Страшный удар по голове погасил сознание Щербы. Он слышал только дикое рычанье над собой, — удар за ударом обрушивались на его тело.
Щербу потащили в камеру смертников.
Я не знал, с чего начинать. Полетаев дал нам две недели сроку, чтобы обдумать и написать о своих впечатлениях в рождественские каникулы. Но две недели прошло, а я между тем все еще не остановился на какой-нибудь определенной теме. Уже на уроках зачитывались и обсуждались по два-три сочинения, скоро добрая половина учеников отчиталась, один я продолжал чего-то выискивать, начинал писать и зачеркивал написанное, спорил то с собой, то со своими «героями», или, как называл их Полетаев, с прототипами будущих героев.
Панна Галина — к ней я забежал после учиненного над нами полицейского разгрома — шептала мне (в моем воображении, разумеется) на ухо: «Пиши про меня, мой милый юноша. Начни с того, как ты примчался к нам, потрясенный, со слезами на глазах, и вся наша небольшая семья сочувственно выслушала твой полный возмущения рассказ, а отец мой, стиснув кулаки, негодовал: «Погромщики! Вам не удастся повторить девятьсот пятый год!» Только про свою исполосованную спину не пиши. Будь гордым. Спину исхлестали, а душа осталась неприкосновенной, чистой. Пиши про людей, про рабочих, с которыми ты выбежал из цеха. И про Игоря, дельного парня, напиши. Смотри, какой он предусмотрительный: вырвавшись с тобой из цеха, не повел тебя домой, напротив, предостерег, чтоб не шел к ним, предвидя, что туда в поисках отца наверняка нагрянут ночные гости…»
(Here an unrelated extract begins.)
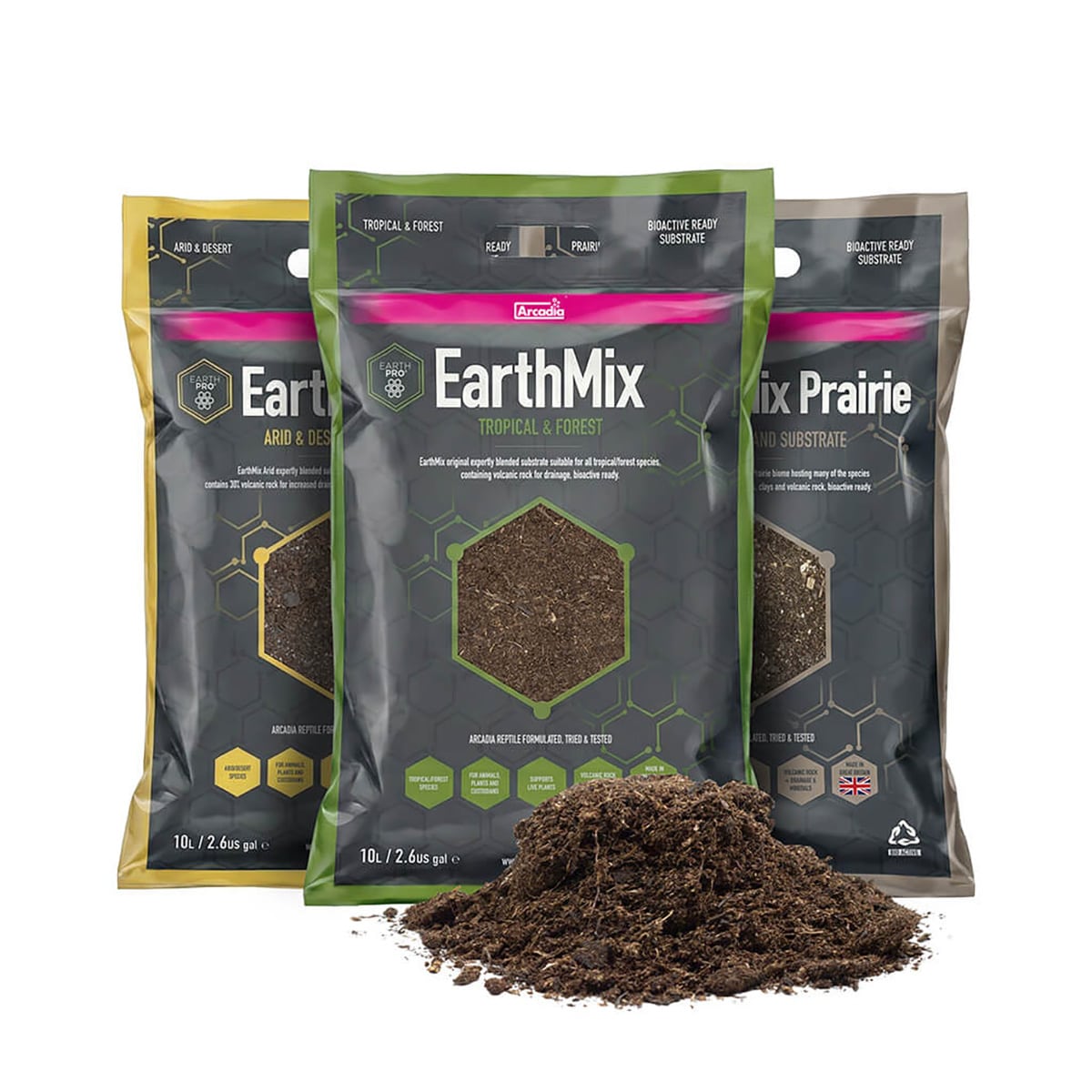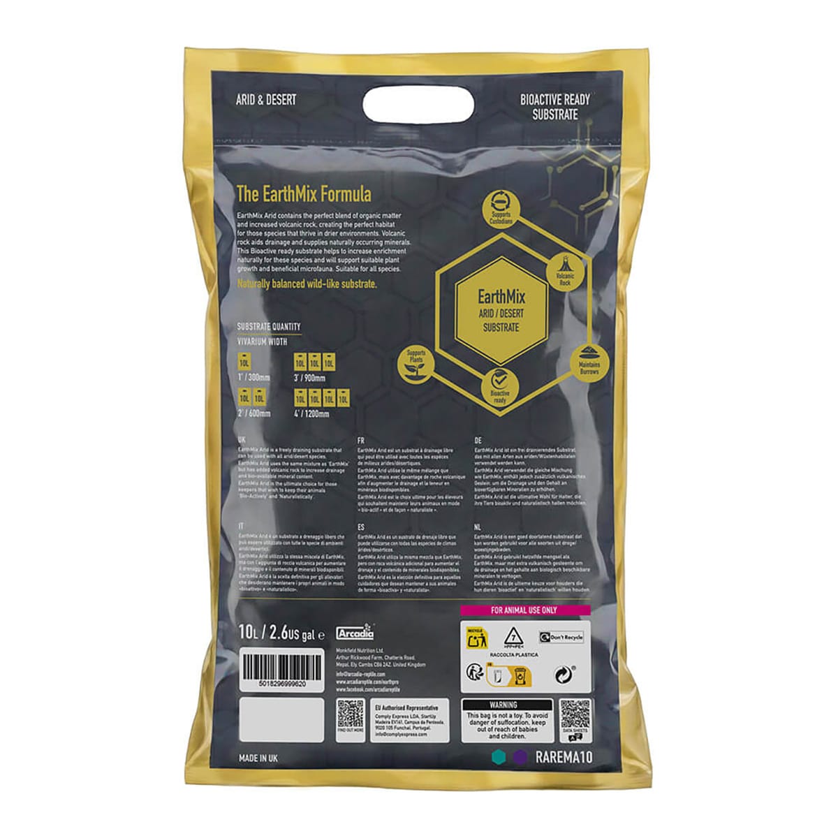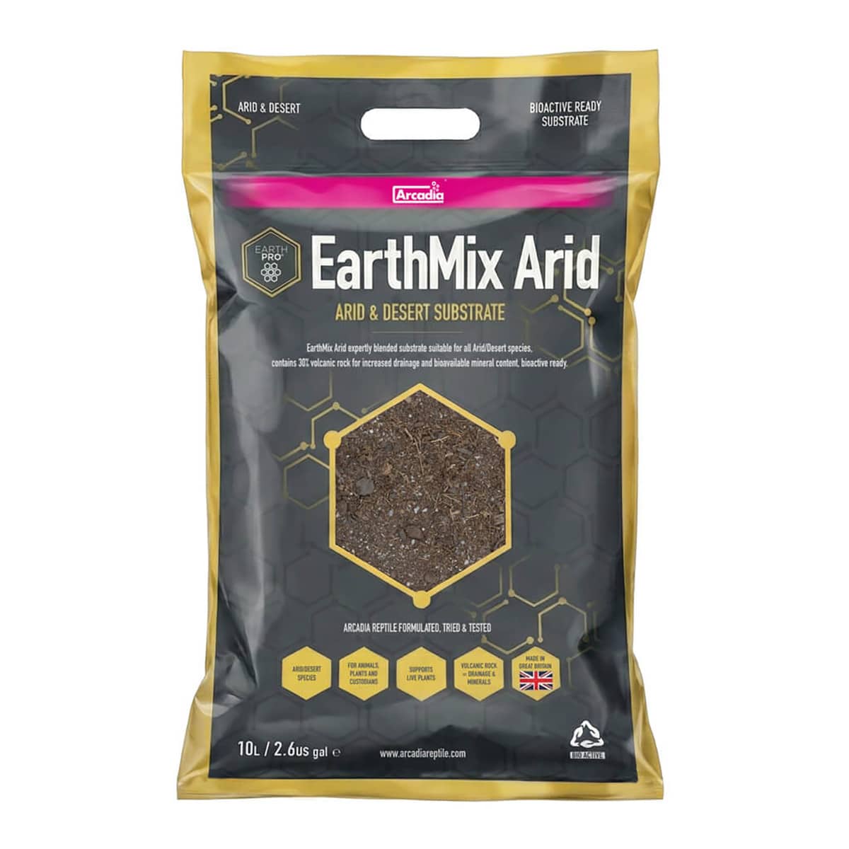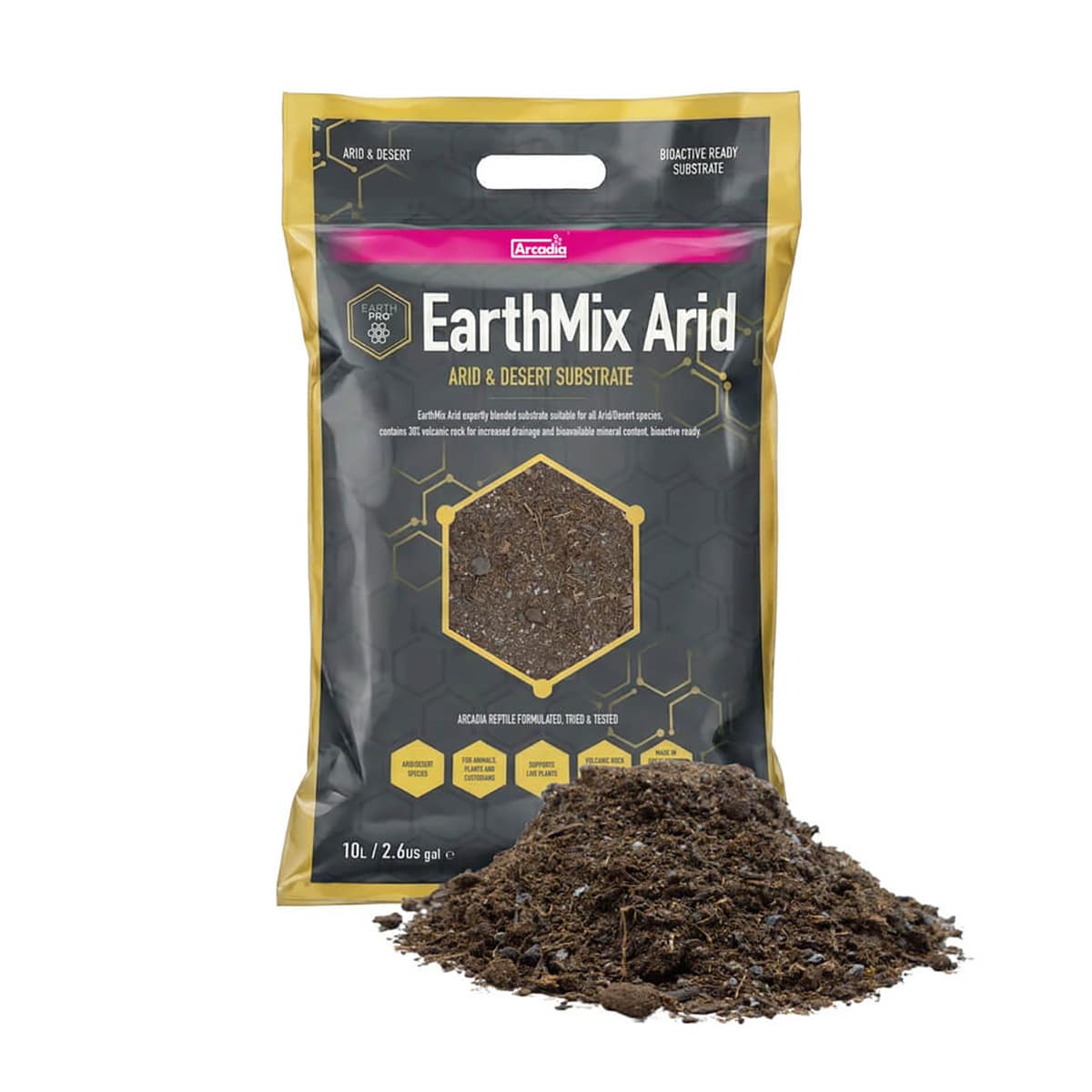 Arcadia EarthMix Arid is a naturalistic, bio-active ready substrate designed for reptiles and amphibians from arid and desert habitats. This specialist blend uses the same organic base as Arcadia EarthMix, but with added organic volcanic rock to increase drainage and boost bio-available mineral content.

У меня было из чего выбирать. Запас впечатлений от поездки был очень разнообразный, его хватило бы заполнить все мои школьные тетради. Вдобавок все настоятельнее просился в мое сочинение отец Серафим…
«Панна Галина вполне заслужила, чтобы с нее начать повествование, — отзывался он со своей звонницы. — Панна Галина — живой образ революции, ей, бедняжке, выпало нести тяжелейший крест. Но я первый навел тебя на кладбищенские холмики и первый толкнул тебя задуматься над страшной арифметикой, которую творят богачи в своих конторах. Тебе не с руки было, и все же ты зашел по пути на вокзал ко мне, своему первому учителю… Ты, Василек, не чураешься моей монашеской рясы, полюбил меня, как отца родного, и я тоже люблю тебя, как сына. Ты взлетел на звонницу, бросился ко мне… и помнишь, каких только нежных слов я не излил тебе. И даже признался, что ты — моя гордость, — это я, звонарь Серафим, сумел вырвать твое юношеское сердце из-под опеки «истинно русского» попа».
Через месяц после рождественских каникул я решился наконец сказать учителю, что «готов». Николай Владимирович, понадеявшись, очевидно, на успех моего сочинения, предоставил мне свой столик, сам же перешел на мое место за третьей партой. Конечно, я не привык к подобным знакам внимания и предпочел бы остаться за партой, среди ребят, чем выставляться на заглавном месте, перед всем классом.
После короткой паузы я развернул тоненькую ученическую тетрадь, поднес ее к глазам… и сразу ощутил, что рука моя с тетрадкой подрагивает, а буквы почему-то разбегаются по бумаге…
— Юркович! — сказал с места за партой Николай Владимирович. — Не волнуйтесь. В классе ваши друзья.
Я приободрился, поднял голову, посмотрел поверх тетрадки, поймал отечески-теплый взгляд учителя и, вернувшись к своему писанию, убедился, что буковки в строках стоят крепко на своем месте…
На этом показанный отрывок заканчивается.